- _Exercise input_:
- Opening Delimiter -
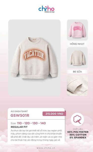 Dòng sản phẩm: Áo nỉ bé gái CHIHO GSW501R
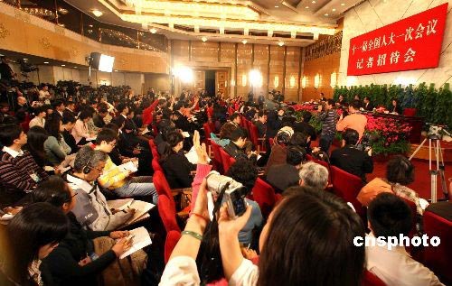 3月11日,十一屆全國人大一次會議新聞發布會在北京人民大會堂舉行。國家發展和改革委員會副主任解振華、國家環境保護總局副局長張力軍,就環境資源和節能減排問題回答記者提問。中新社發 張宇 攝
- Closing Delimiter -
- Opening Delimiter -
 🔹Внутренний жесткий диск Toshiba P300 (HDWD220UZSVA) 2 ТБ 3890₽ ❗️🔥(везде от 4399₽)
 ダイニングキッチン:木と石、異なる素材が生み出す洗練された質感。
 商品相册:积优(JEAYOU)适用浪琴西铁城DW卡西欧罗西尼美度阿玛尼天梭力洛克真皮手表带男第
- Closing Delimiter -
Take the entries above and return only the lines from the one with "ダイニングキッチン:木と石、異なる素材が生み出す洗練された質感。" to the one with "商品相册:积优(JEAYOU", both included, unchanged.

- _Exercise result_:
 ダイニングキッチン:木と石、異なる素材が生み出す洗練された質感。
 商品相册:积优(JEAYOU)适用浪琴西铁城DW卡西欧罗西尼美度阿玛尼天梭力洛克真皮手表带男第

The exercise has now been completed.